Wading In 🏊🏼
In the last/inaugural issue of The Blob, we looked at bio-fuels and their (to-date) unrealized promise.
The future of algal bio-fuels appears to be an active debate, with some on the side that (like fusion or AI) the benefits of research are inevitable and worth the time and money spent on R&D. Others hold that the game is up and that the real benefits from research are mostly due to the technological and engineering advancements that have lifted all boats (so to speak) over the last 50 years.
My strong opinion (lightly held) is that we shouldn’t stop the research.
For Issue # 02 The Blob is taking a quick dep-ART-ure (putting the A in STEAM powered.)
My Kelp Could Have Drawn That
In the conversation about algae, and especially macroalgae (the seaweeds), it’s important to consistently remind ourselves that seaweeds are marvelous and mysterious organisms that are an integral element of the human story.

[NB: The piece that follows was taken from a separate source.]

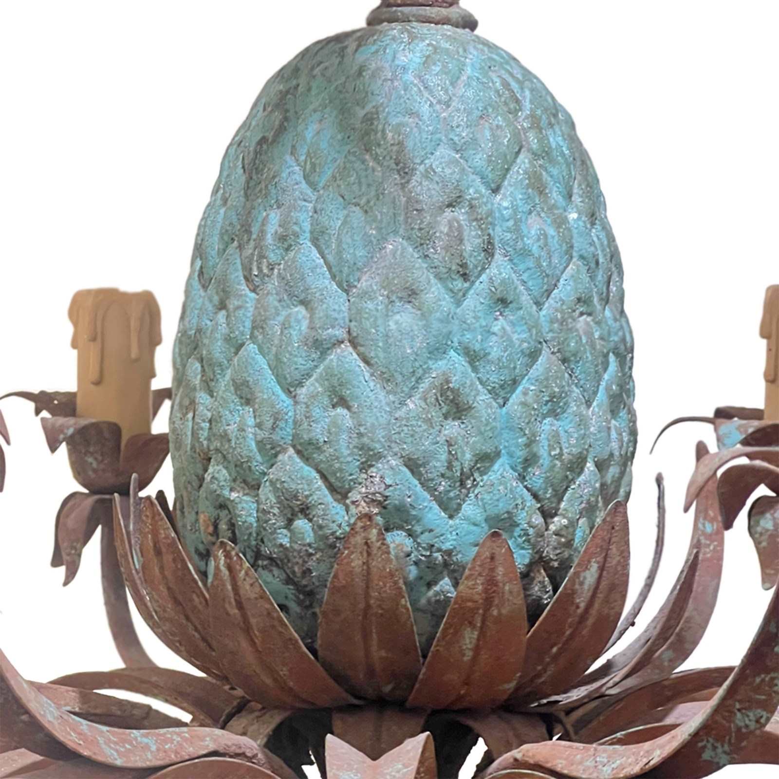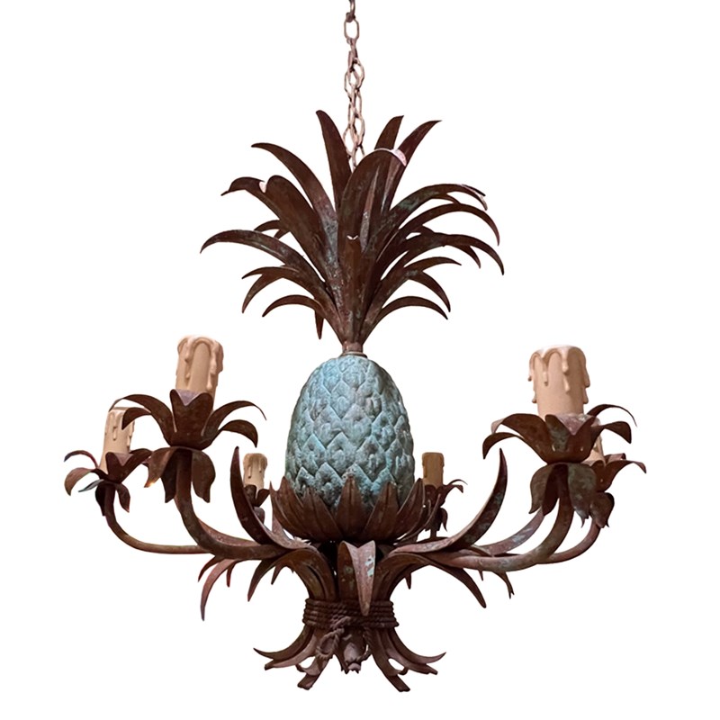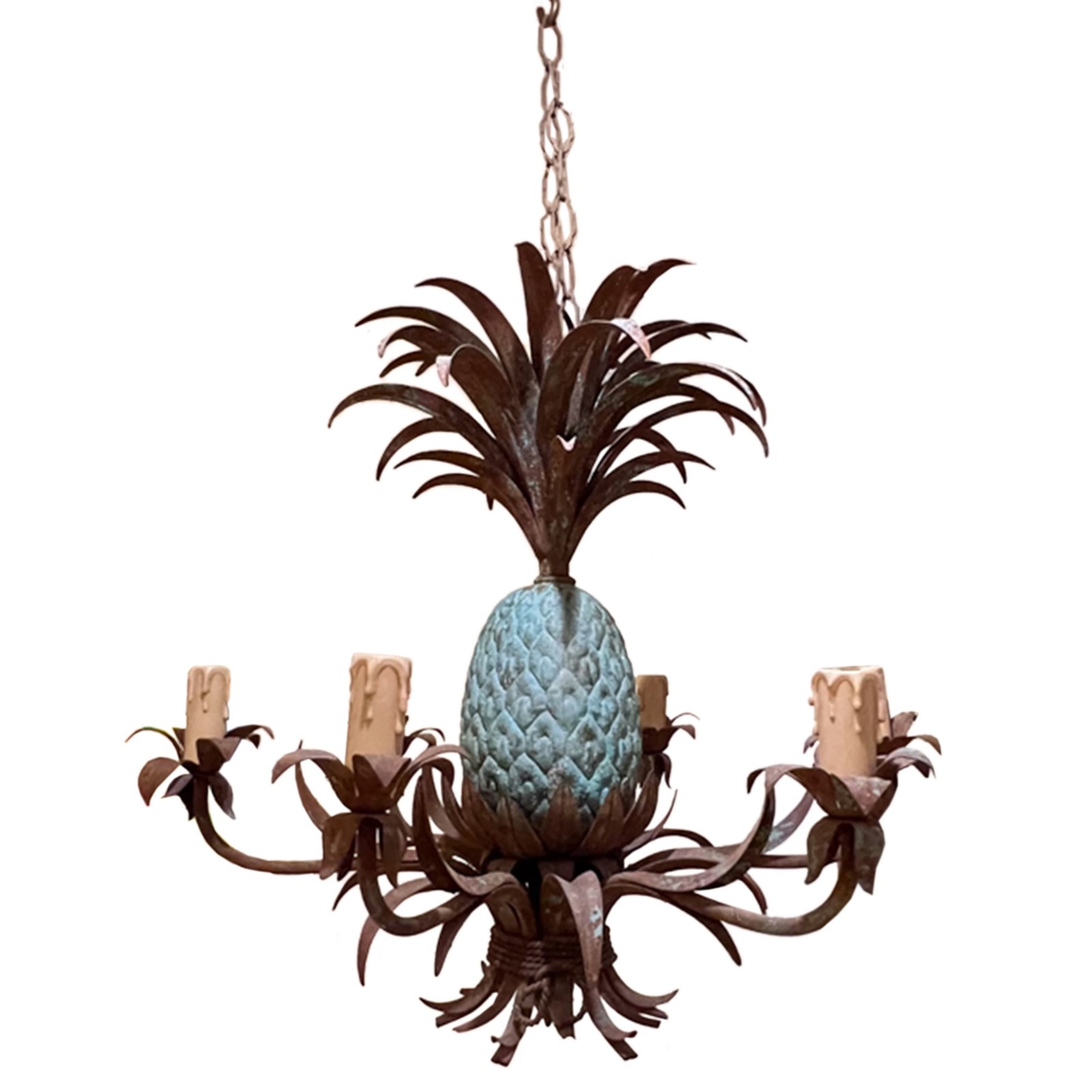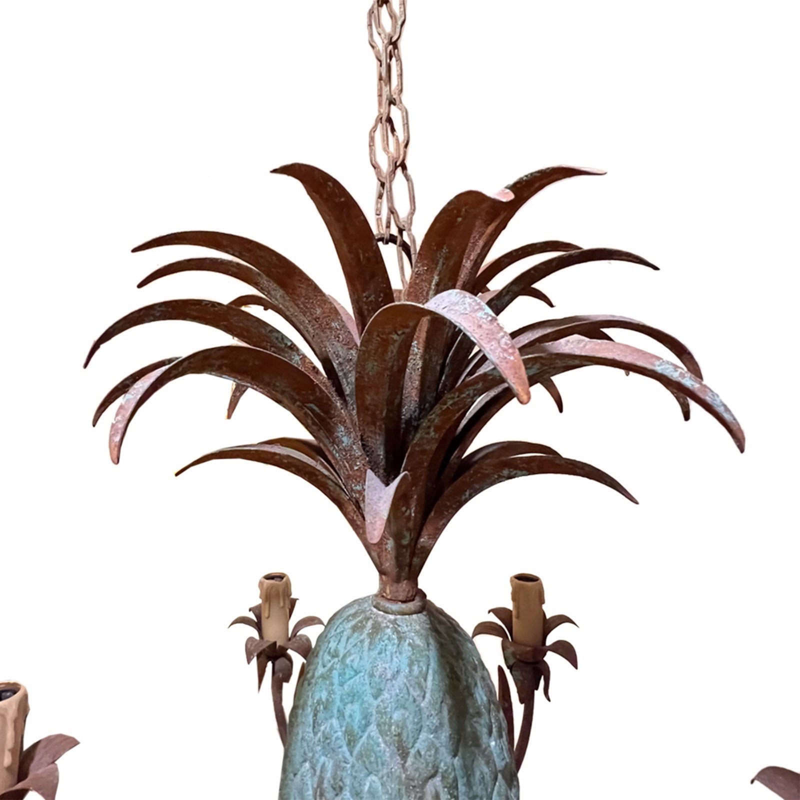 A lovely verdigris pineapple chandelier, with tolewear leaves made in France in the 1950s.

This appreciation, this oblique view, is the work of the artist in many ways.
Here are some inspirational algae for your weekend 🤙🏼
Brookly-born artist Ellsworth Kelly, known for his colorful post-war geometric abstraction, was fascinated with seaweed, producing several seaweed-focused paintings, collages, drawings, and lithographs over the course of his career.

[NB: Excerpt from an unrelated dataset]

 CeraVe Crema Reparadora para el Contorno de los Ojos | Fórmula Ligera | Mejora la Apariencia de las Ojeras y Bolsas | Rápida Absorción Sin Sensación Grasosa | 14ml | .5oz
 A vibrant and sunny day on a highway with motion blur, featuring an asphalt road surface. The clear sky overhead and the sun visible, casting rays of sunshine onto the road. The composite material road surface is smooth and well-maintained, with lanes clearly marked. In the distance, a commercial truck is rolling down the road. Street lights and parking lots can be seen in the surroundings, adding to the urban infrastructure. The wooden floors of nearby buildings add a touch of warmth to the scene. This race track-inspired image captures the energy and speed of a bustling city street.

Artwork capturing the culture of seaweed production and coastal communities from the New Bedford Whaling Museum: “A Singularly Marine & Fabulous Produce: the Cultures of Seaweed”

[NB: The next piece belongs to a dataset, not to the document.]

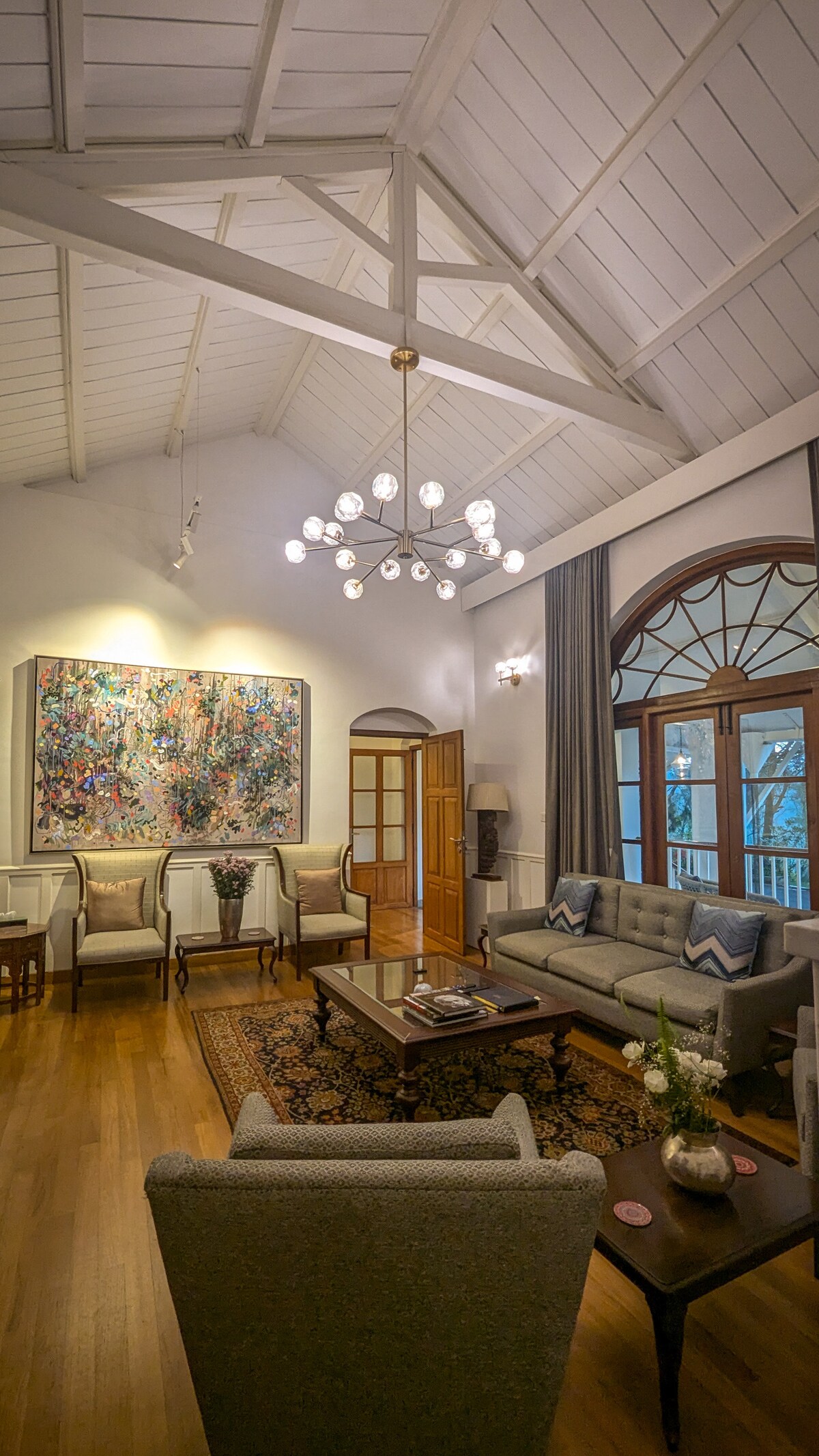 コインバトールから車で2時間のアッパー・クヌールに隠れたHushstay x Milford Estateは、遺産と自然がシームレスに絡み合う隠れ家です。4ベッドルームの植民地時代のバンガローは、ジャカランダの木立の後ろに隠れていて、野花、アジサイ、香り高いバラの庭を歩いて初めて見えてきます。内部には、ヴィンテージのチーク材のインテリア、高い天井、アンティーク調のフランス窓が、過去の物語を語ります。ベランダにはシェブロンタイルの床があります。

Julia Lohmann, an artist, researcher, and founder of the “Department of Seaweed,” produces biomorphic seaweed sculpture channels that evoke the protean materiality of seaweed.
The sprawling kelp forest/seaweed interiors of OEO Studio interiors for Noma Kyoto
Pupil of Hokusai (The Great Wave of Kanagawa), Totoya Hokkei depicts the exhilarating work of collecting the seaweed harvest in Japan in the 1830s.
Robert Flaherty’s documentary film The Man of Aran depicts the seaweed gathering practices of 1930s Ireland. Flahery was famous for his other ethno-fictional documentary Nanook of the North.
Some Readings
Parting thought:
Since the initial migrations of humanity along the “Kelp Highway,” humans and seaweeds especially have been deeply connected. Yet there’s something innately mysterious about seaweeds — they beckon the imagination.
In The Botany of Desire, Michael Pollan (citing Steven Pinker) speculates that flowers and humans co-evolved in favor of beauty. The premise is that humans succeeded in noticing and classifying plants and that flowers co-adapted to be more noticeable and memorable, creating a cycle of pleasure and recognition as a mutually assured survival tactic.
Seaweed has no flowers. It’s rootless, flexible, ephemeral, seemingly indeterminate. It employs none of the evolutionary tricks that land plants have evolved.
In this sense, what does Seaweed want?